Reading the Nielsen and Chuang, I saw that every unitary operator $U$ can be written as $e^{i\alpha} R_n(\theta)$ for some well chosen $n \in \mathbb{R}^3$ and $0 \leq \theta < 2\pi$.
I would like to know if there is a simple criterion to ensure that $\alpha=0$, without knowing the value of $n$ or $\theta$.
As a consequence of it, using the fact that $e^{i\alpha}$ "disappear" when $U$ is seen as a rotation of the Bloch Sphere, and the fact that the composition of two rotations on $\mathbb{R}^3$ is also a rotation, I will have the proof that the composition of two morphisms $R_{n_1}(\theta_1) R_{n_2}(\theta_2)$ is on the form $R_{n_3}(\theta_3)$.

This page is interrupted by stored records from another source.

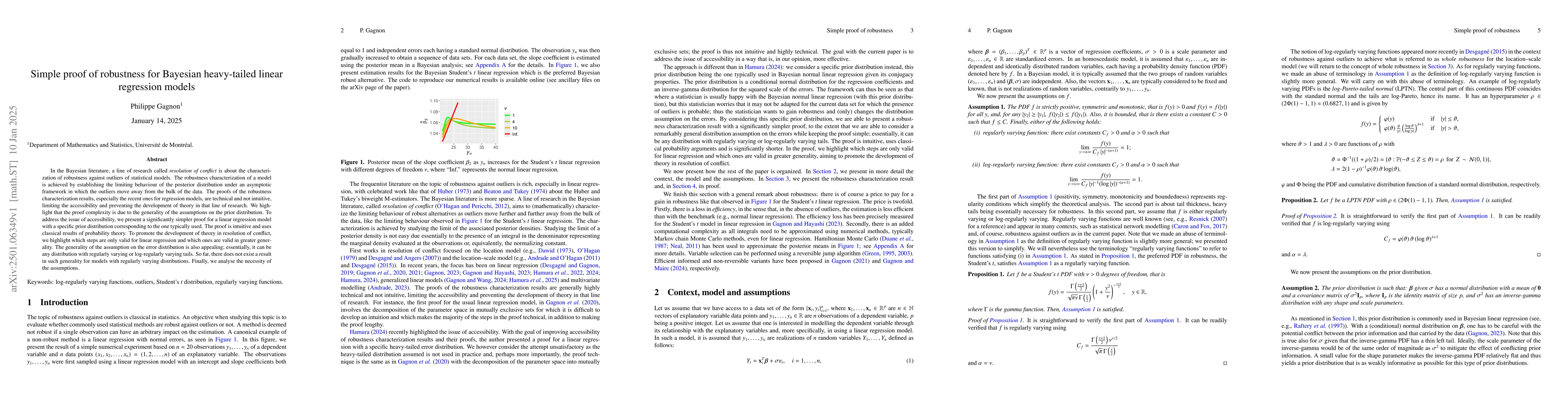 This paper presents a simpler, intuitive proof of robustness for Bayesian heavy-tailed linear regression models, addressing technical complexities in previous proofs. It emphasizes the generality of assumptions on the error distribution and highlights model-specific versus more broadly applicable proof steps.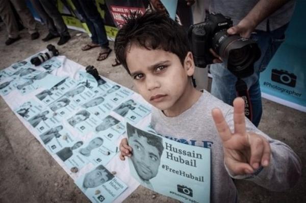 افتتاح معرض «عيون وراء القضبان» تضامناً مع المصوّرون المعتقلون ساحة المنامة منامة بوست (خاص): انطلق مساء اليوم الأحد 13 يوليو / تمّوز 2014، معرض الصور للمصوّرين المعتقلين «أحمد حميدان، حسين حبيل، أحمد الموسويّ» القابعين داخل السجون البحرينيّة، بمشاركة عدد كبير من النشطاء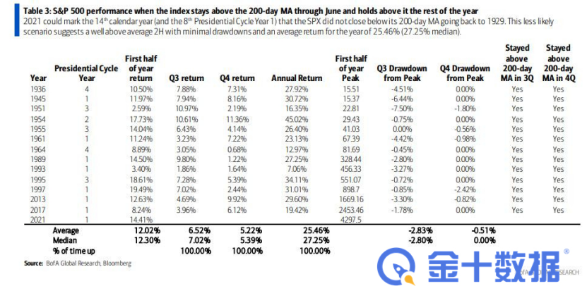 Suttmeier认为,如果标准普尔500指数在今年剩余时间里都保持在200日移动均线以上,那么2021年将是标准普尔500指数自1929年以来第14年全年保持200日移动均线以上。这种情景下年平均回报率为25.46%。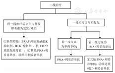 若HCL患者接受一线治疗后2年之内出现早期复发,则考虑为复发/难治性HCL,其应首选新型药物治疗。目前,复发/难治性HCL患者可选择的新型药物包括BRAF抑制剂、BTK抑制剂和抗CD22重组免疫毒素等。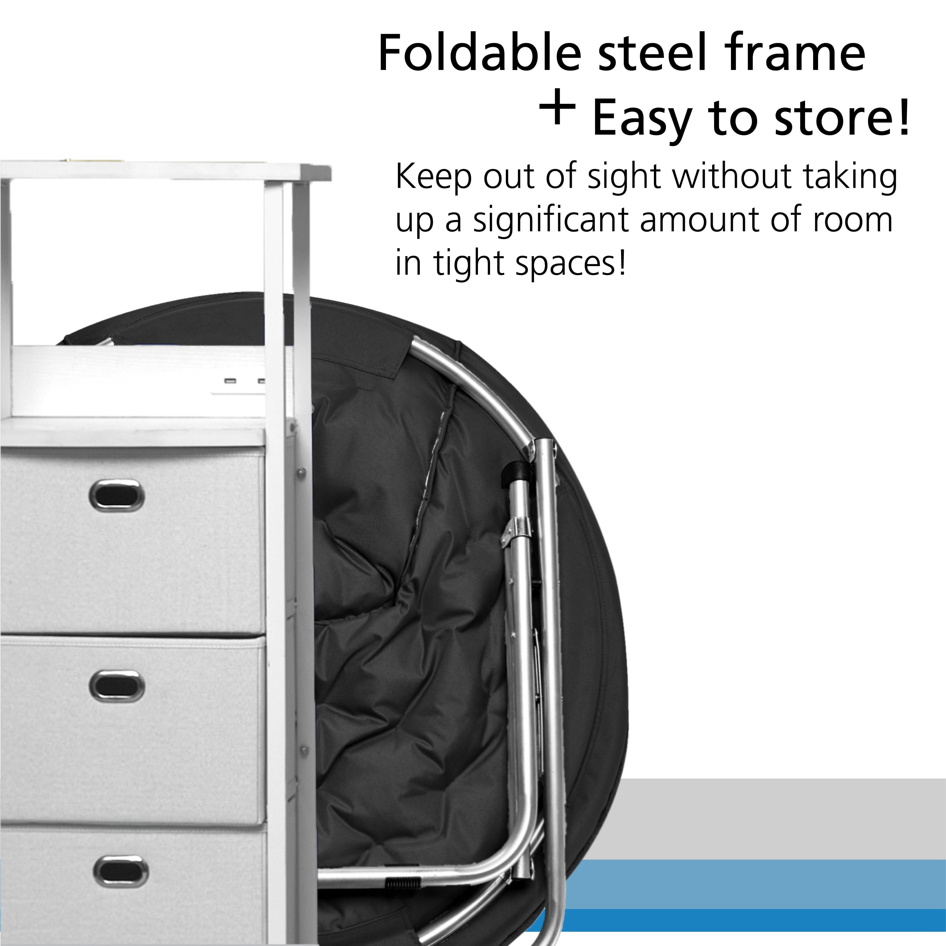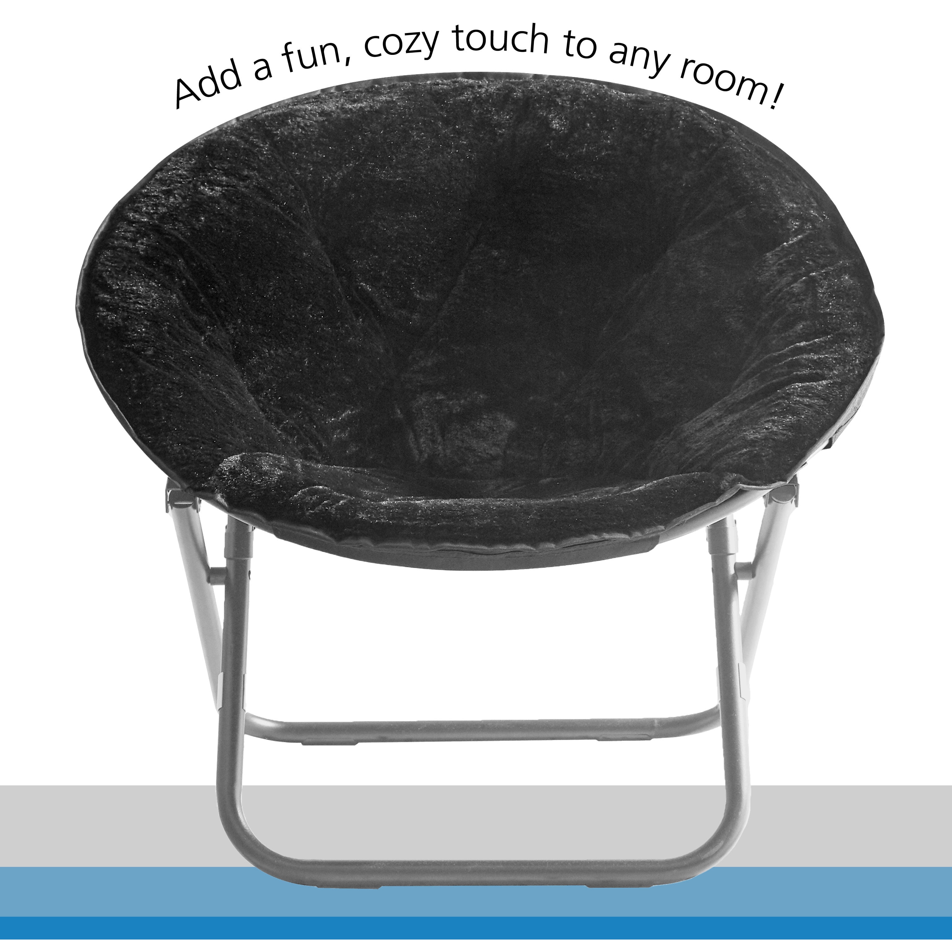 Mainstays Faux Fur Folding Saucer Chair, Black, for Tweens, Teens, and Adults

This problem is thus linked to the fact that the Bloch Sphere identify the unitary transformations that are equal up to a global phase (if I am right : $U_1$ and $U_2$, seen as morphisms on the Bloch sphere, are equal iff there are equal up to a global phase).
Edit: I precise I am interested by the result even if the global phase can be removed in one-qubit gates. One of the reasons is because of the multi-qubits gates, such as for exemple the two-bits gate that is a controled one-qubit gate.